Work item: Please set down exactly the lines from the one that contains "Splashy是一款用uns" through the end of the material, leaving out every picture.

***** Data for processing *****

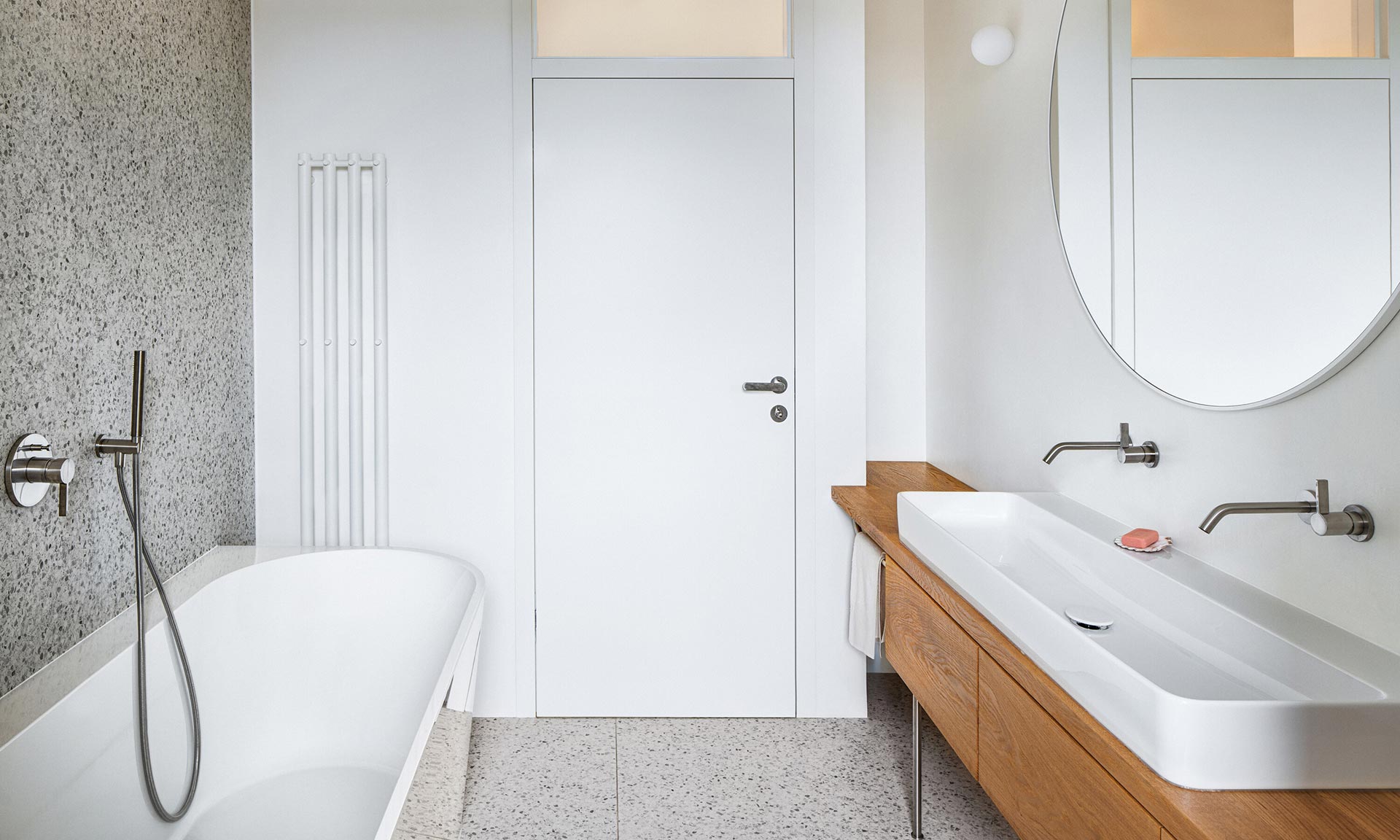 „Vnitřní členění domu bylo upraveno výrazně. Vstup na nejnižší úrovni domu byl celkově zvětšen a prosvětlen díky proskleným dveřím, odstranění podhledů a proměně materiálů i barev. V přízemí se v kontaktu se zahradou odehrávají hlavní prostory – obývací pokoj, kuchyň s jídelnou a ložnice s koupelnou. Pro tu se podařilo vyšetřit místo zmenšením průchodu na zahradu a drobnými souvisejícími změnami. V patře se prostory, které dříve sloužily jako dětské pokoje, proměnily v salón pro setkání rodiny při slavnostních příležitostech a současně v domácí kinosál a pokoj pro hosty. Zásadní proměnou prošlo také podkroví, které nyní umožňuje pobyt hostů i po delší dobu při zachování soukromí jak jejich, tak hostitelů,“ dodávají.
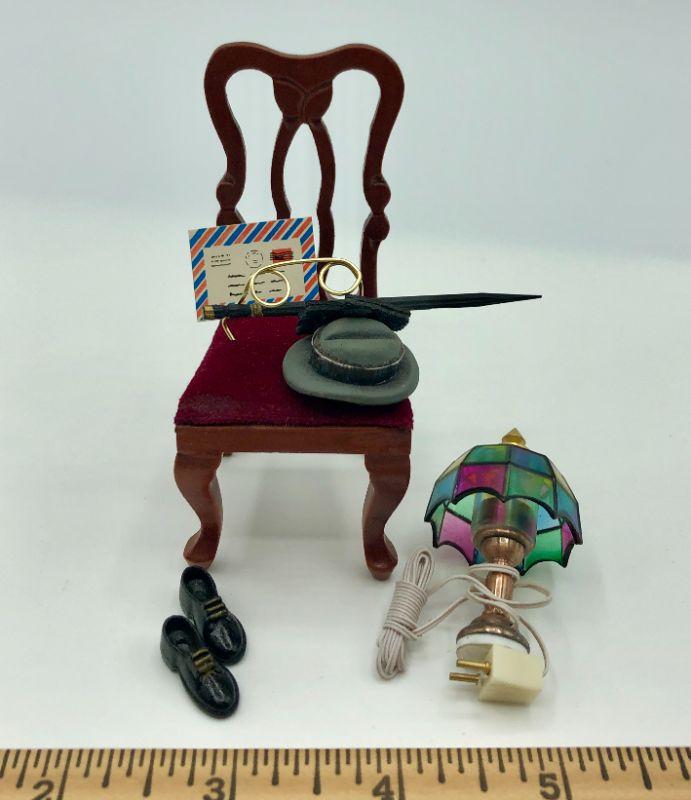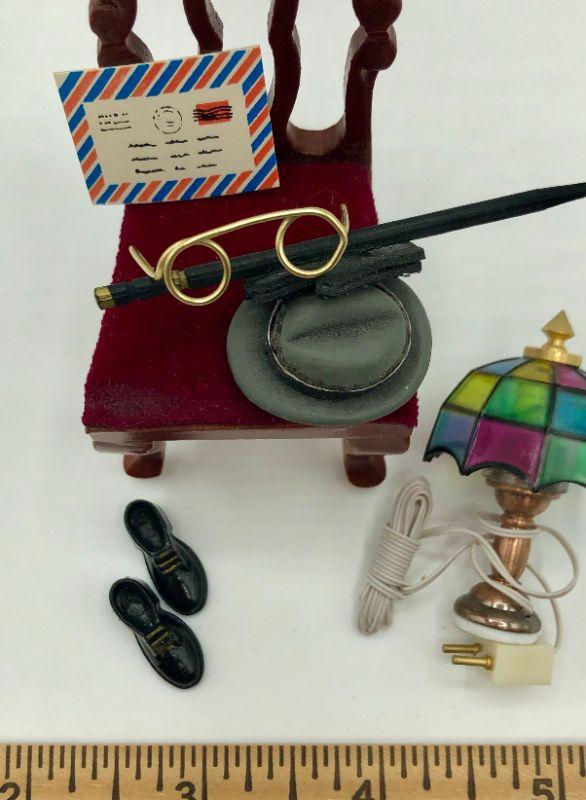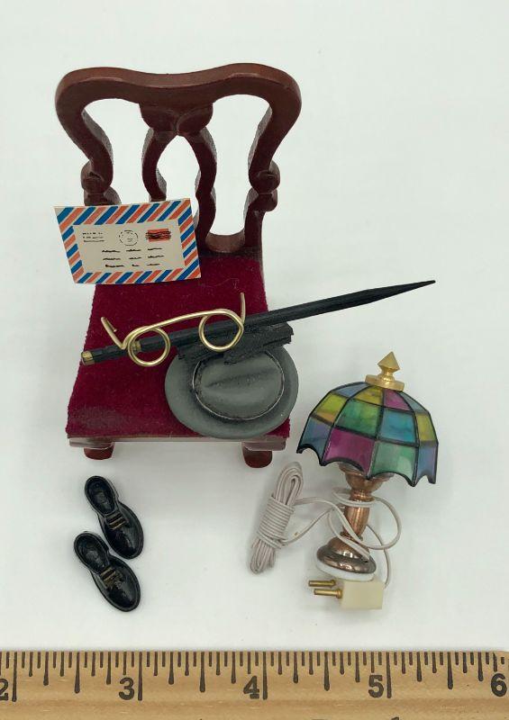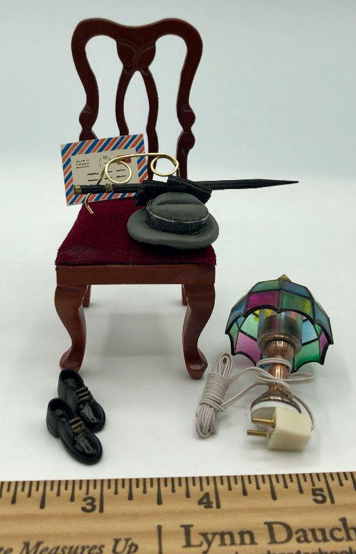 Dollhouse Miniatures Chair Accessories and an electric Tiffany Lamp - Chair, man's hat with cane, spectacles, Stained Glass Lamp, etc
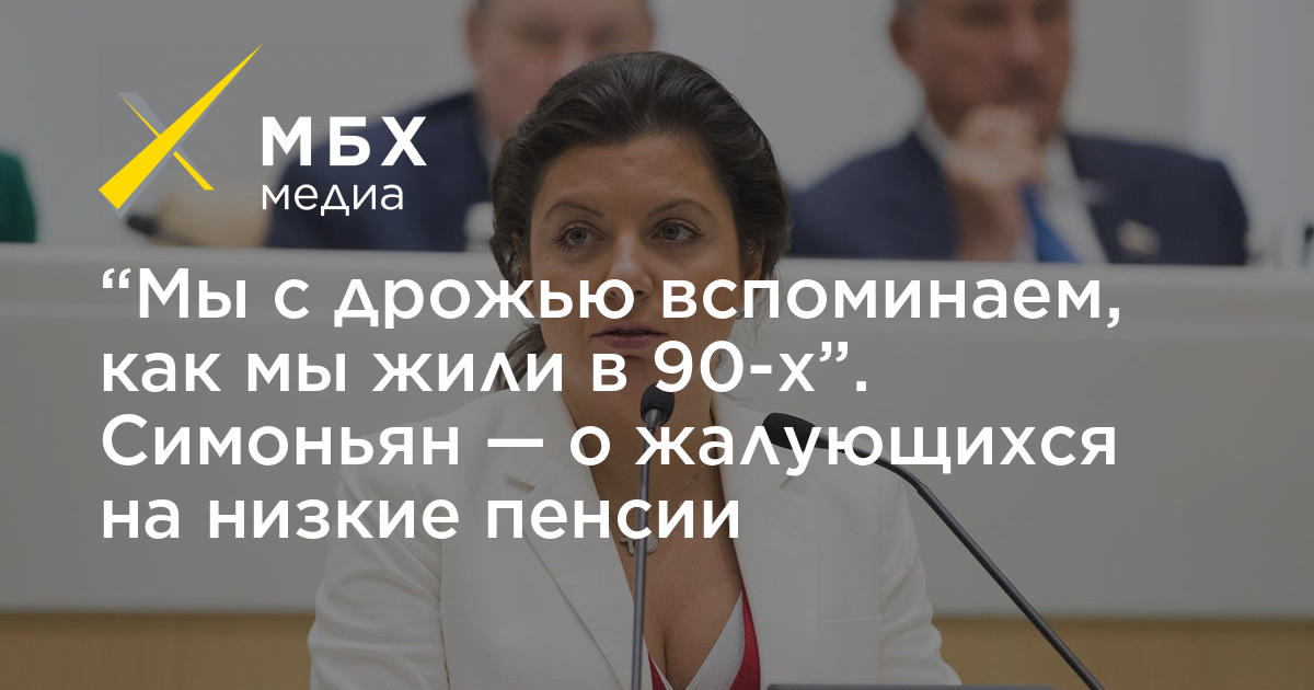 «Мы с дрожью вспоминаем, как мы жили в 90-х. Когда сейчас говорят — пенсии маленькие… Да, они маленькие. Но они на порядок больше, чем были. И будут расти, дайте только время нашей стране нормально развиваться без потрясений. Более того, их вообще не платили, про это вы забыли?», — заявила Симоньян.
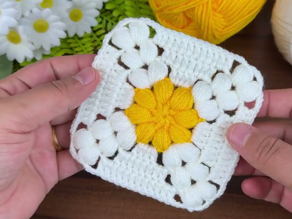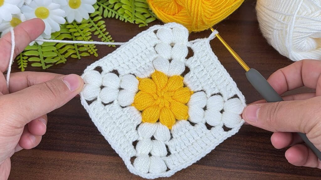 That’s a crochet flower granny square — it combines a puff stitch flower center with a classic granny square border. Here’s how to make it step-by-step 🌼
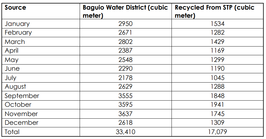 The University of the Cordilleras (UC) recorded a total 2024 water consumption of 33,410 cubic meters from its main supply, the Baguio Water District, of which 17,079 cubic meters were recycled through the university’s treatment system. This remarkably low water footprint reflects the university’s effective conservation measures. Of this total, 17,079 cubic meters came from recycled water processed through UC’s Sewage Treatment Plant (STP), demonstrating its strong commitment to water reuse and sustainable resource management. These efforts strengthen UC’s pursuit of SDG 6: Clean Water and Sanitation.
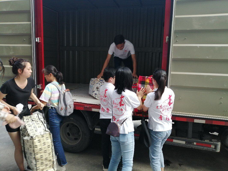 图为志愿者在新校园图书馆卸货
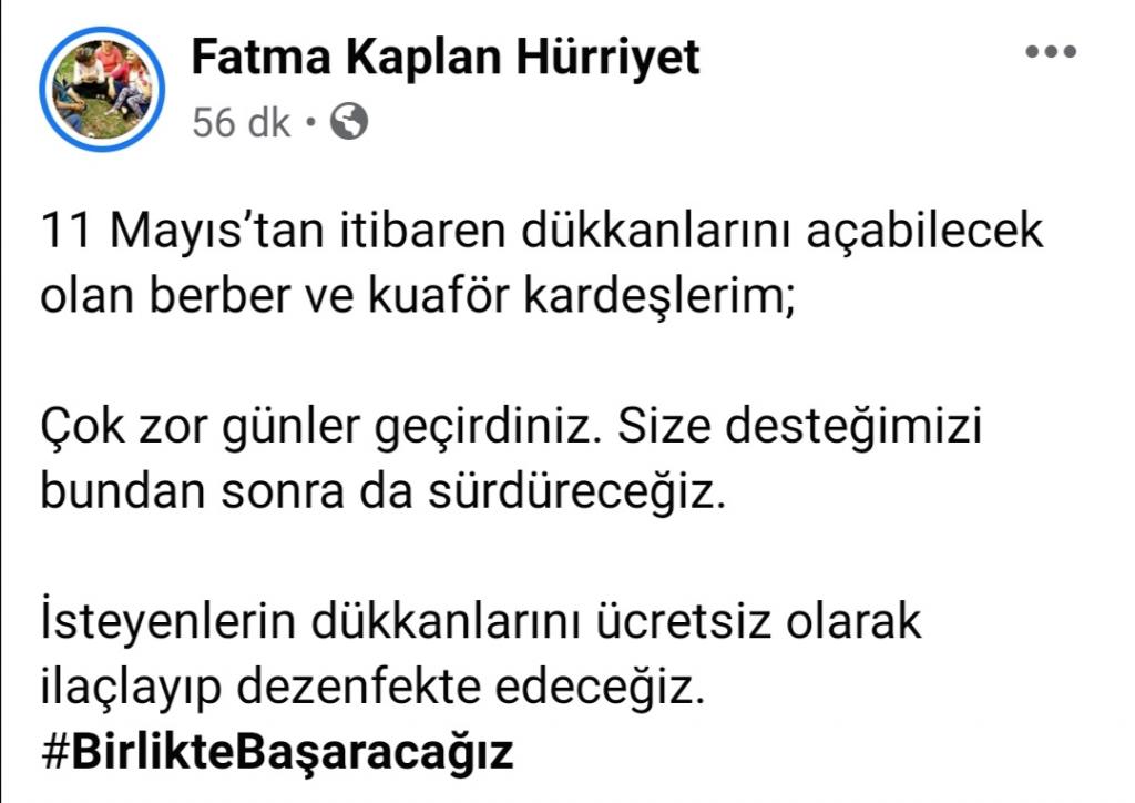 Koronavirüs salgını nedeniyle 22 Mart 2020 tarihinde kapanan berber ve kuaförlerin 11 Mayıs itibariyle sağlık kurallarına uygun bir şekilde tekrardan açılacağı duyuruldu. Bunun üzerine 1 aydan fazla süredir dükkanları kapalı olan berber ve kuaförler için İzmit Belediye Başkanı Av. Fatma Kaplan Hürriyet harekete geçerek iş yerlerinin ücretsiz olarak ilaçlayıp dezenfekte edeceklerini belirtti.
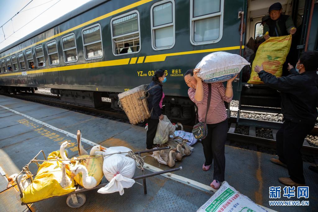 5633次列車??寇囌竞螅妥逍∩特溍χ沿浶断聛恚?月11日攝)。新華社記者 沈伯韓 攝
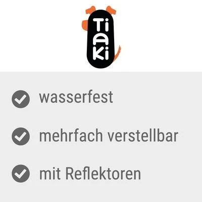 Mit den Reflektoren an der Hüfte und am Kragen sorgt er nicht nur für erhöhte Sichtbarkeit, sondern bietet mit seinem doppelten hohen Kragen auch zusätzlichen Schutz vor Kälte. Das An- und Ausziehen des TIAKI Hundemantel Leonardos erfolgt über den Kopf und erweist sich dank des einfach zu bedienenden Klickverschlusses als Kinderspiel.
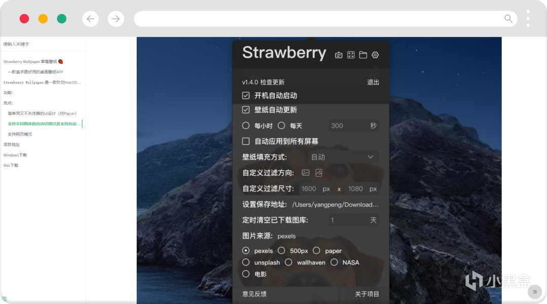 Splashy是一款用unsplash圖片作壁紙的軟件。Unsplash是一個非常有名的圖片下載網站,Splashy 能夠讓輕鬆地使用Unsplash上的圖片作爲壁紙。它提供了一個隨機按鈕,像點擊一下軟件便會從Unsplash下載一張高清圖片,並將其設置爲桌面壁紙。對於喜歡自動切換壁紙的人,也可以可以設置類別,比如風景、人物、精選等。
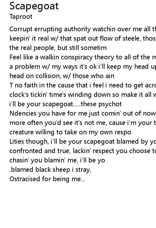 T no faith in the cause that i feel i need to get across in my lifetime the clock's tickin' time's winding down so make it all worthwile stop blamin' me, i'll be your scapegoat.....these psychot |
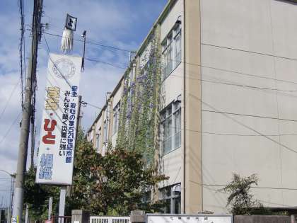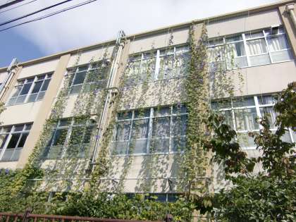 娘さんが本校の校舎を見上げてお母さんに言いました。
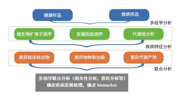 ?微生物組測序(主要指擴增子測序與宏基因組測序)可提供微生物組成、基因功能和豐度信息,而代謝組學是研究生物體中代謝產物變化的科學。生物科學研究過程復雜,單—組學往往無法全面的解決生物學問題,多組學就顯得尤為重要。近年來,隨著微生物組學研究的不斷發(fā)展和持續(xù)火熱,越來越多的研究者開始將微生物組學和代謝組學聯合起來,從物種、基因以及代謝產物等水平共同解釋科學問題,更好地理解疾病過程及機體內物質的代謝途徑,還有助于發(fā)現疾病的生物標記以更進—步應用千臨床輔助診斷。
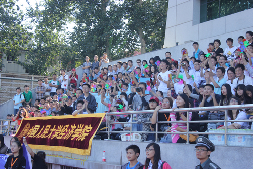 伴着明快恢弘的乐声,拉拉队员们朝气蓬勃的舞姿拉开了开幕式的序幕。紧接着,各个学院的方阵依次走过主席台,接受在场领导检阅。h视频 作为第七个出场的方阵,在主持人激扬的解说辞中迈着整齐划一的步伐走向主席台。与其他学院完全由学生组成的方阵不同,h视频 的方阵由经院师生共同组成,展示了h视频 团结一致、亲如一家的传统与美德。在h视频 院长杨瑞龙教授,工业和信息化部国际经济技术合作中心主任、杰出院友龚晓峰,h视频 工会主席方芳教授及h视频 外籍讲师Peter Kelly博士这四名护旗手的带领下,身着“人大红”T恤衫的经院师生脸上洋溢着灿烂的笑容,高举手中蓬勃的花束向在场师生展示经院人蓬勃向上的别样风采。h视频 党委书记张宇教授,副院长刘瑞教授,副书记丁凯教授,院长助理陈彦斌教授、于春海副教授,青年教授张晨、陆方文、王宝奎、李聪等都参加了h视频 方阵。鲜艳纯正的中国红与优雅明快的柠檬黄——两种不同色调的花朵在经院人手中交错挥舞,摆出阿拉伯数字“7”和“5”的字样,表达了经院师生对母校75周年生日的真挚祝福,赢得了在场观众经久不息的掌声与欢呼声。随后,国防生、大一新生及部分教师分别为在场观众进行了军体拳、太极拳和跆拳道的精彩表演。h视频 学生作为太极拳方阵中重要的组成部分,以最整齐的服装和动作,最认真的态度,最饱满的热情,为整个队伍增添了热血和生气,也为太极拳的成功表演助力!
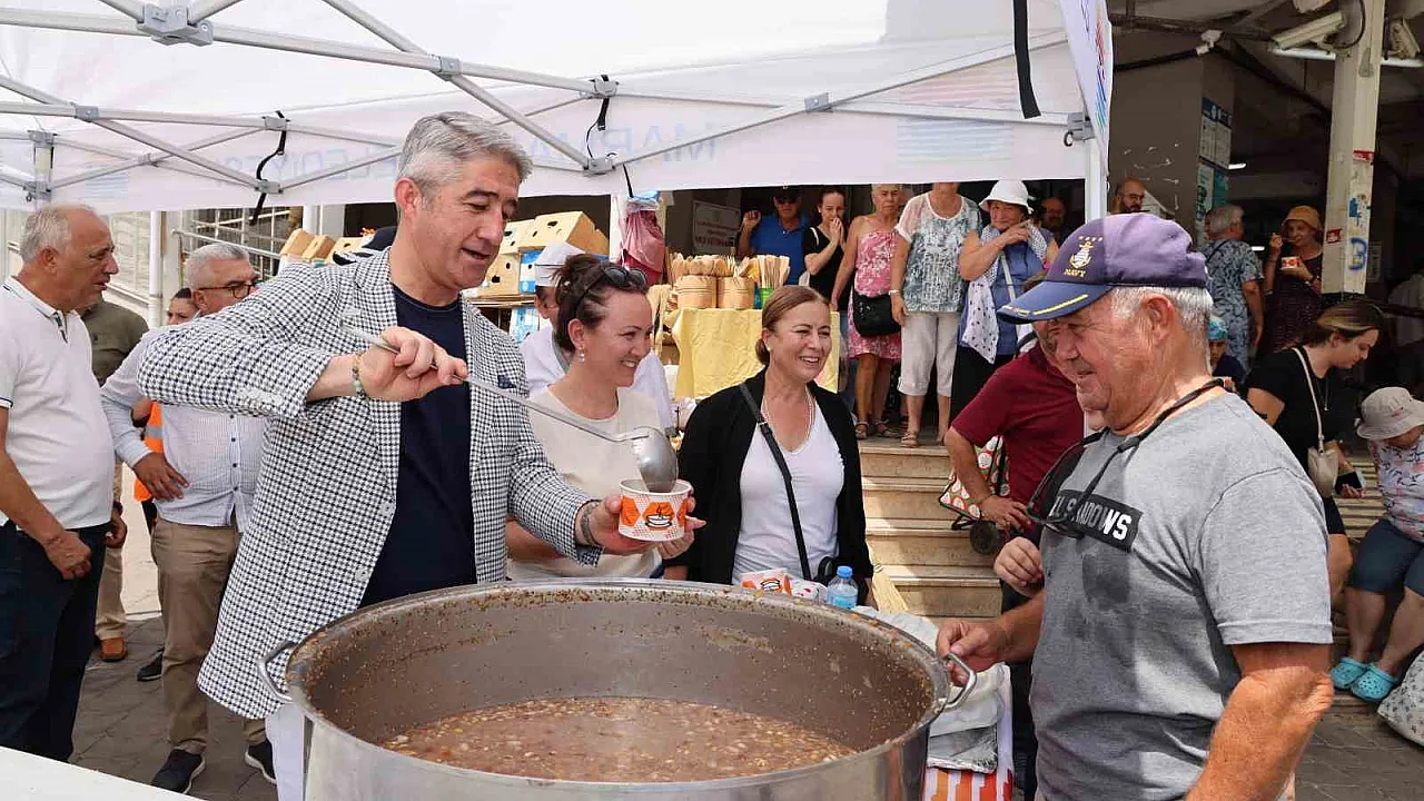 Marmaris Belediyesi, alışveriş için semt pazarına gelen vatandaşlara Muharrem ayı geleneği olan aşure ikram etti. Başkan Oktay da kazanın başına geçerek vatandaşlara aşure dağıttı.
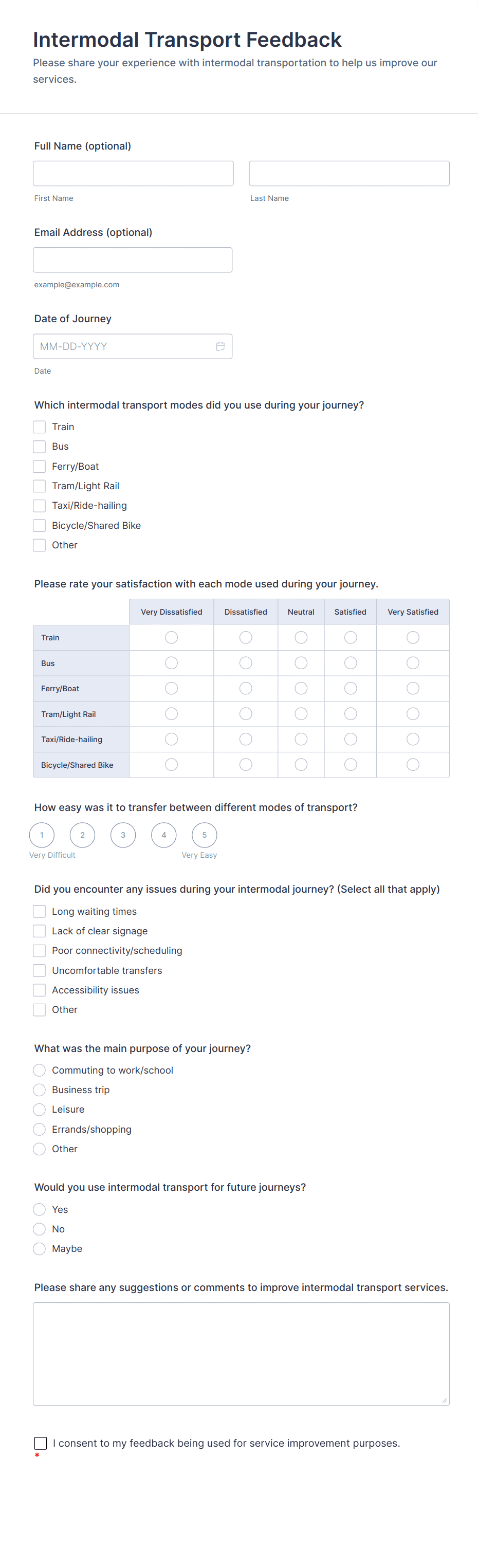 • For customer feedback, include questions about satisfaction, product quality, and likelihood to recommend.
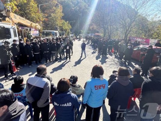 (성주=뉴스1) 공정식 기자 = 경북 성주군이 사드(THAAD·고고도 미사일 방어체계) 기지 인근 반대 단체의 시설물에 대한 행정대집행을 앞두고 21일 오전 기지 입구 진밭교 주변에 시민사회단체 회원들이 대치하고 있다. 2025.11.21/뉴스1kimjy@news1.krCopyright ⓒ 뉴스1. All rights reserved. 무단 전재 및 재배포, AI학습 이용 금지.

*****

Response for this exercise:
 Splashy是一款用unsplash圖片作壁紙的軟件。Unsplash是一個非常有名的圖片下載網站,Splashy 能夠讓輕鬆地使用Unsplash上的圖片作爲壁紙。它提供了一個隨機按鈕,像點擊一下軟件便會從Unsplash下載一張高清圖片,並將其設置爲桌面壁紙。對於喜歡自動切換壁紙的人,也可以可以設置類別,比如風景、人物、精選等。
 T no faith in the cause that i feel i need to get across in my lifetime the clock's tickin' time's winding down so make it all worthwile stop blamin' me, i'll be your scapegoat.....these psychot |
 娘さんが本校の校舎を見上げてお母さんに言いました。
 ?微生物組測序(主要指擴增子測序與宏基因組測序)可提供微生物組成、基因功能和豐度信息,而代謝組學是研究生物體中代謝產物變化的科學。生物科學研究過程復雜,單—組學往往無法全面的解決生物學問題,多組學就顯得尤為重要。近年來,隨著微生物組學研究的不斷發(fā)展和持續(xù)火熱,越來越多的研究者開始將微生物組學和代謝組學聯合起來,從物種、基因以及代謝產物等水平共同解釋科學問題,更好地理解疾病過程及機體內物質的代謝途徑,還有助于發(fā)現疾病的生物標記以更進—步應用千臨床輔助診斷。
 伴着明快恢弘的乐声,拉拉队员们朝气蓬勃的舞姿拉开了开幕式的序幕。紧接着,各个学院的方阵依次走过主席台,接受在场领导检阅。h视频 作为第七个出场的方阵,在主持人激扬的解说辞中迈着整齐划一的步伐走向主席台。与其他学院完全由学生组成的方阵不同,h视频 的方阵由经院师生共同组成,展示了h视频 团结一致、亲如一家的传统与美德。在h视频 院长杨瑞龙教授,工业和信息化部国际经济技术合作中心主任、杰出院友龚晓峰,h视频 工会主席方芳教授及h视频 外籍讲师Peter Kelly博士这四名护旗手的带领下,身着“人大红”T恤衫的经院师生脸上洋溢着灿烂的笑容,高举手中蓬勃的花束向在场师生展示经院人蓬勃向上的别样风采。h视频 党委书记张宇教授,副院长刘瑞教授,副书记丁凯教授,院长助理陈彦斌教授、于春海副教授,青年教授张晨、陆方文、王宝奎、李聪等都参加了h视频 方阵。鲜艳纯正的中国红与优雅明快的柠檬黄——两种不同色调的花朵在经院人手中交错挥舞,摆出阿拉伯数字“7”和“5”的字样,表达了经院师生对母校75周年生日的真挚祝福,赢得了在场观众经久不息的掌声与欢呼声。随后,国防生、大一新生及部分教师分别为在场观众进行了军体拳、太极拳和跆拳道的精彩表演。h视频 学生作为太极拳方阵中重要的组成部分,以最整齐的服装和动作,最认真的态度,最饱满的热情,为整个队伍增添了热血和生气,也为太极拳的成功表演助力!
 Marmaris Belediyesi, alışveriş için semt pazarına gelen vatandaşlara Muharrem ayı geleneği olan aşure ikram etti. Başkan Oktay da kazanın başına geçerek vatandaşlara aşure dağıttı.
 • For customer feedback, include questions about satisfaction, product quality, and likelihood to recommend.
 (성주=뉴스1) 공정식 기자 = 경북 성주군이 사드(THAAD·고고도 미사일 방어체계) 기지 인근 반대 단체의 시설물에 대한 행정대집행을 앞두고 21일 오전 기지 입구 진밭교 주변에 시민사회단체 회원들이 대치하고 있다. 2025.11.21/뉴스1kimjy@news1.krCopyright ⓒ 뉴스1. All rights reserved. 무단 전재 및 재배포, AI학습 이용 금지.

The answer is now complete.